Departments of *Anesthesiology, †Pediatrics, and ‡Pediatric Urology, Children’s National Medical Center and George Washington University, Washington, DC

July 10, 2002.

Address correspondence to Susan Verghese, MD, Department of Anesthesiology, Children’s National Medical Center, 111 Michigan Ave., N.W., Washington, DC 20010. Address e-mail to sverghes@ cnmc.org.

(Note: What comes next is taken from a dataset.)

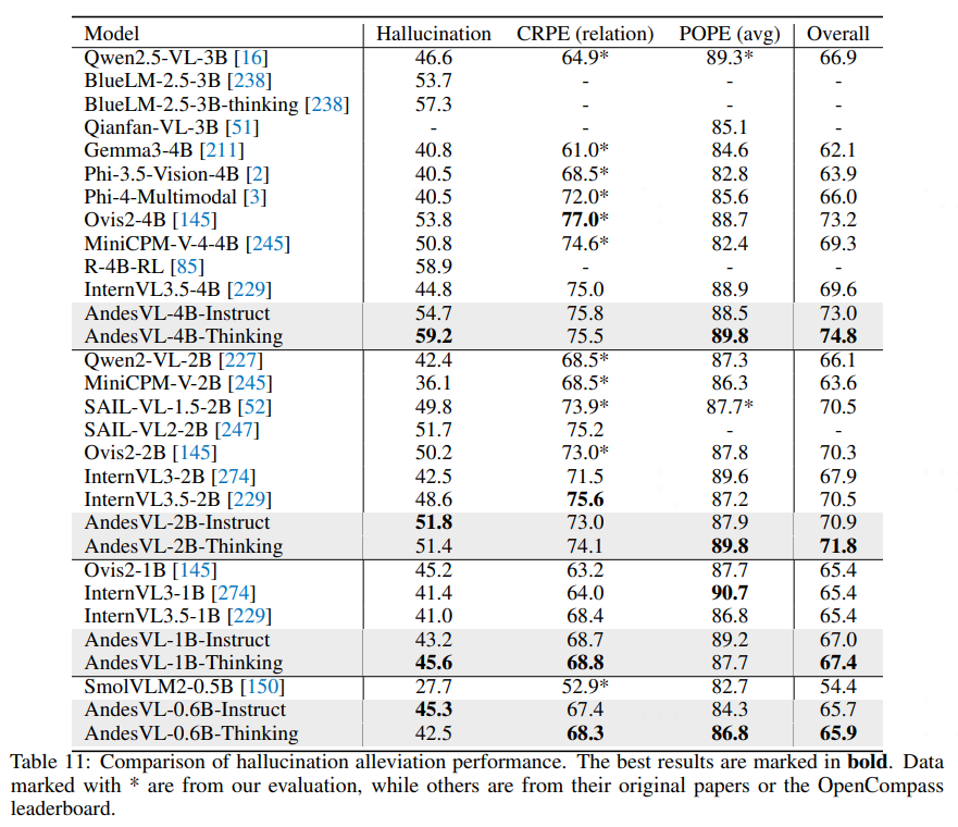 AndesVL 各尺寸模型均排名第一,4B 和 0.6B 模型分别得分 74.8 和 65.9,与其他同尺寸模型相比有显著优势,而且这种优势在更小尺寸模型上更加明显。这表明我们的架构在保持高精度的同时,还提供了优异的幻觉缓解能力,即使在最小的 0.6B 版本中也依旧如此。

Caudal anesthesia is one of the most popular regional blocks in children. This technique is usually performed after an inhaled or IV induction and is a useful adjunct during general anesthesia and for providing postoperative analgesia after genital, lower abdominal, and lower limb operations (1,2). The quality and level of the caudal blockade is dependent on the dose, volume, and concentration of the injected drug (3). To achieve a higher-level block, a larger volume of the local anesthetic solution is required. If the undiluted 0.25% solution of bupivacaine is used, the total dose of the drug is also increased and has the potential risk of increased toxicity. This double-blinded, prospective study compared the effect of two different volumes and concentrations of bupivacaine on the level and intensity of caudal blockade when a constant dose of 2 mg/kg of bupivacaine was used in children undergoing unilateral orchidopexy.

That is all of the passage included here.